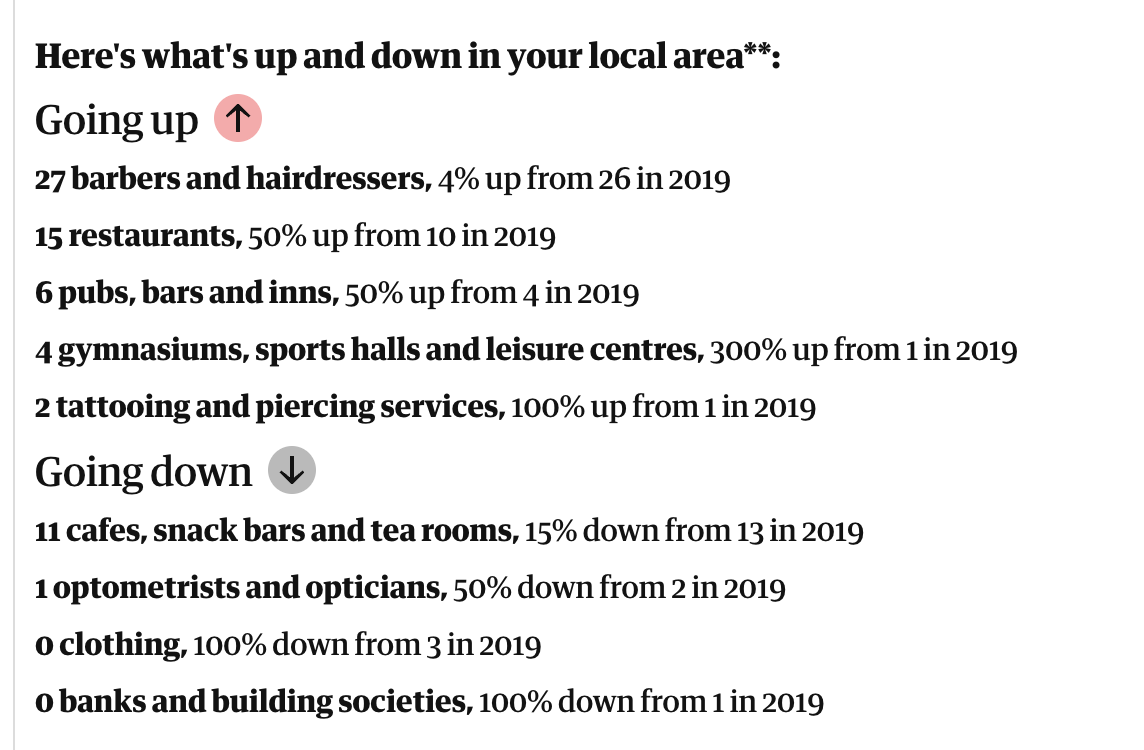 Interesting tool that has been put out by The Guardian looking at how our high streets (across the country) have been changing, but also with a way to drill down to your local area.
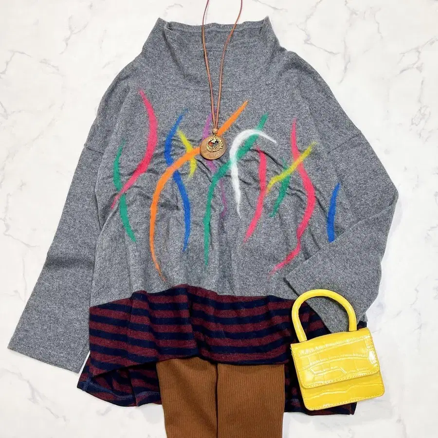 그레이 계열을 베이스로, 컬러풀한 모헤어 자수와 보더 무늬가 시선을 사로잡아 심플한 하의와 매치하는 것만으로도 코디가 완성됩니다.
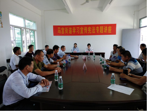 10月26日、30日马宫街道邀请驻村法律顾问李小鹊律师分别在盐町村、马宫社区、浪清村、深渔村举办宪法学习宣传专题讲座,4个村(社区)120多名“两委”干部、驻村工作组、村民小组长和村居民代表参加讲座。截至目前,马宫街道7个村(社区)全面落实宪法学习宣传讲座活动,共举办宪法学习宣传专题讲座8场,出动流动宣传车12车次,征订《宪法》读本1000本、悬挂宣传横幅16条,制作学习宣传栏2个,张贴宣传海报30多张,发放宣传资料2000多份。
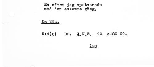 //// Em aftcn jag spatserade //// med den ensamma gång, //// En vän. //// 5:4(2) BO. I.N.E. 99 s.89-90. //// ÅBO ////
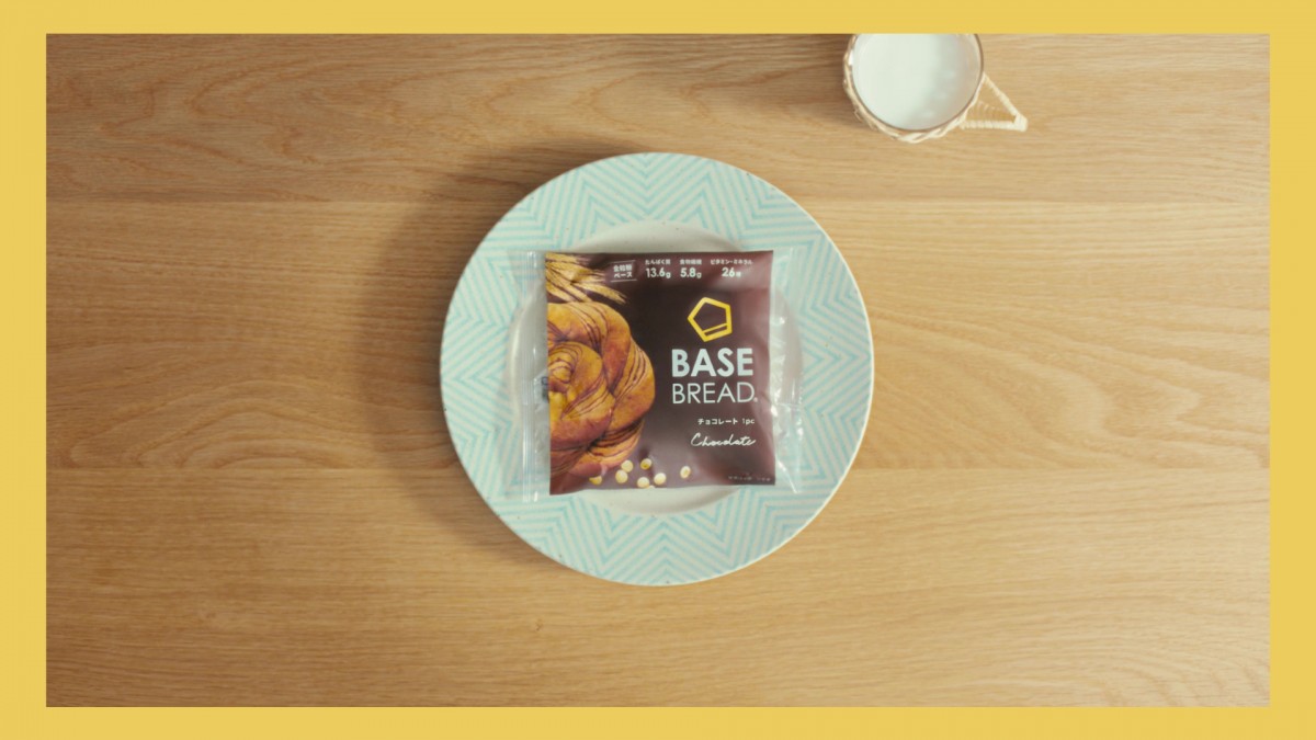 新TVCMは、トースト・ヨーグルト・シリアル・おにぎり・バナナなどの日頃の朝食をBASE BREADへ置き換えるだけという手軽さを、テーブル上の朝食を回転させる演出によって、コミカルかつユニークな演出で表現している。モデルの清音(SAYANE)さんがひとり暮らしのビジネスパーソン役で登場し、栄養バランスの良い朝食で1日を元気にスタートさせる様子が描かれている。
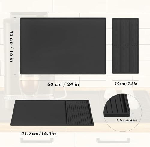 JINHEC - بساط قهوة من السيليكون لسطح المنضدة، بساط لانسكاب القهوة مع حواف مرتفعة، ملحقات بار القهوة، بساط ماكينة تحضير القهوة مقاوم للماء مع بساط تجفيف الاطباق قابل للفصل (اسود، 24 انش × 16 انش)
==*==
> [About this exercise] Nothing but the lines from the one that contains "s.89-90. //// ÅBO ////" through the end of the material above is to be reproduced, exactly and without pictures.

> [Exercise output]
 //// Em aftcn jag spatserade //// med den ensamma gång, //// En vän. //// 5:4(2) BO. I.N.E. 99 s.89-90. //// ÅBO ////
 新TVCMは、トースト・ヨーグルト・シリアル・おにぎり・バナナなどの日頃の朝食をBASE BREADへ置き換えるだけという手軽さを、テーブル上の朝食を回転させる演出によって、コミカルかつユニークな演出で表現している。モデルの清音(SAYANE)さんがひとり暮らしのビジネスパーソン役で登場し、栄養バランスの良い朝食で1日を元気にスタートさせる様子が描かれている。
 JINHEC - بساط قهوة من السيليكون لسطح المنضدة، بساط لانسكاب القهوة مع حواف مرتفعة، ملحقات بار القهوة، بساط ماكينة تحضير القهوة مقاوم للماء مع بساط تجفيف الاطباق قابل للفصل (اسود، 24 انش × 16 انش)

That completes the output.